Task requirements: Only the lines below from the one that contains "亦山——取自绵延数里环抱坪山" through the one that contains "Отправьте на дно" should appear in your answer, exact and without pictures.

Records to use START

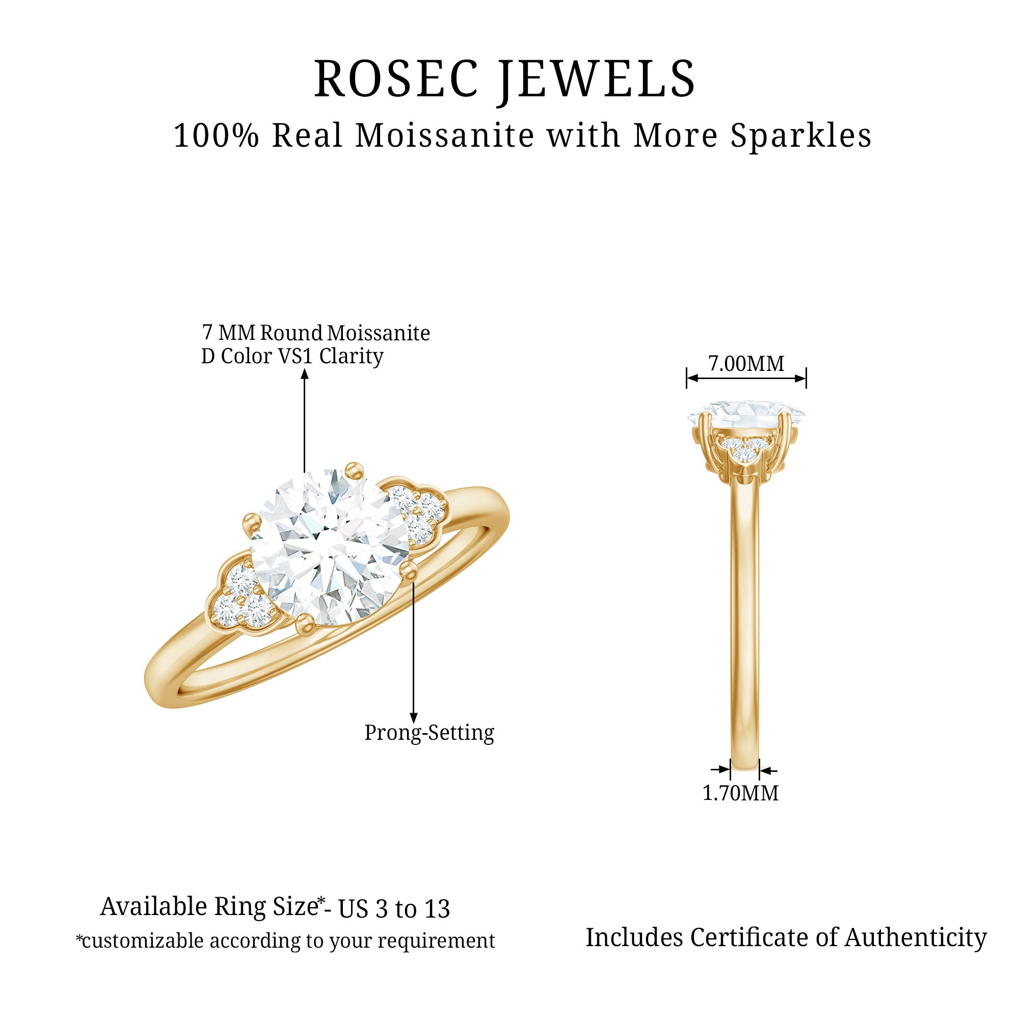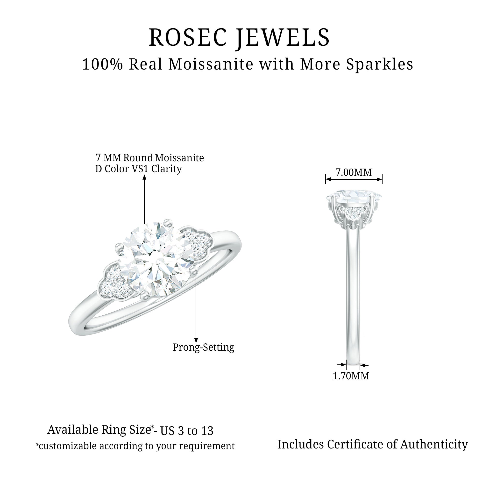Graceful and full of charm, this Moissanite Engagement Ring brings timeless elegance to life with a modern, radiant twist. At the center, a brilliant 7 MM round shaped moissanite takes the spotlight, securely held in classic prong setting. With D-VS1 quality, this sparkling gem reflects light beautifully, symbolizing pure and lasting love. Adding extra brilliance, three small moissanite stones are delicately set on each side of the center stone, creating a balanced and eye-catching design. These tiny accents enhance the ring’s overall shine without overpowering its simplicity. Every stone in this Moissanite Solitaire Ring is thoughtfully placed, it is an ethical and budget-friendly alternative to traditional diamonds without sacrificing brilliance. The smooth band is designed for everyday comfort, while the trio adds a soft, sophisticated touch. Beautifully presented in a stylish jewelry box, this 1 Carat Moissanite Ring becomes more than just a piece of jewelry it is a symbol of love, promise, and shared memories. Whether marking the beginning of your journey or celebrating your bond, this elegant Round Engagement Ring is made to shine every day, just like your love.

Records to use END
Records to use START

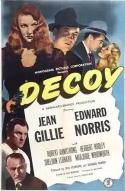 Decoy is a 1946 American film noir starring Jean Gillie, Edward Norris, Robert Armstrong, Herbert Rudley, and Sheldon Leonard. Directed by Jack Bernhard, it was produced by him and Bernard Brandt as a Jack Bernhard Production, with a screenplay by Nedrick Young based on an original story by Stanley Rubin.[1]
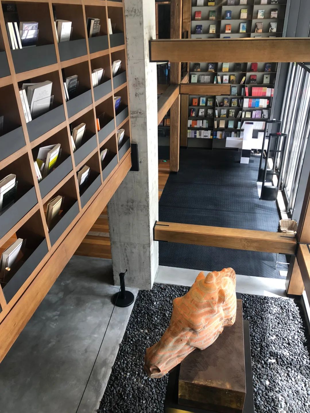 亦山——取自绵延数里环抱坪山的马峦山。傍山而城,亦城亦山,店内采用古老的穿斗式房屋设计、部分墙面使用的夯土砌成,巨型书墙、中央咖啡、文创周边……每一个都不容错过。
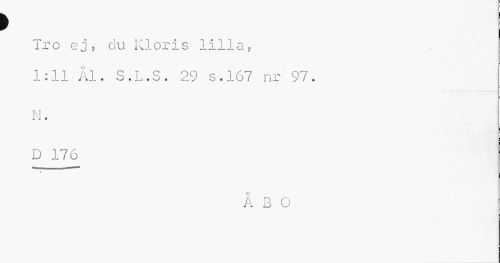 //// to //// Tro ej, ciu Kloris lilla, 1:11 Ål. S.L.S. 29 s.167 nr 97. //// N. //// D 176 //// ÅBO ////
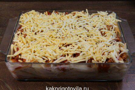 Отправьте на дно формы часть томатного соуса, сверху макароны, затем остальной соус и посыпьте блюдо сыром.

Records to use END

Output of the task:
 亦山——取自绵延数里环抱坪山的马峦山。傍山而城,亦城亦山,店内采用古老的穿斗式房屋设计、部分墙面使用的夯土砌成,巨型书墙、中央咖啡、文创周边……每一个都不容错过。
 //// to //// Tro ej, ciu Kloris lilla, 1:11 Ål. S.L.S. 29 s.167 nr 97. //// N. //// D 176 //// ÅBO ////
 Отправьте на дно формы часть томатного соуса, сверху макароны, затем остальной соус и посыпьте блюдо сыром.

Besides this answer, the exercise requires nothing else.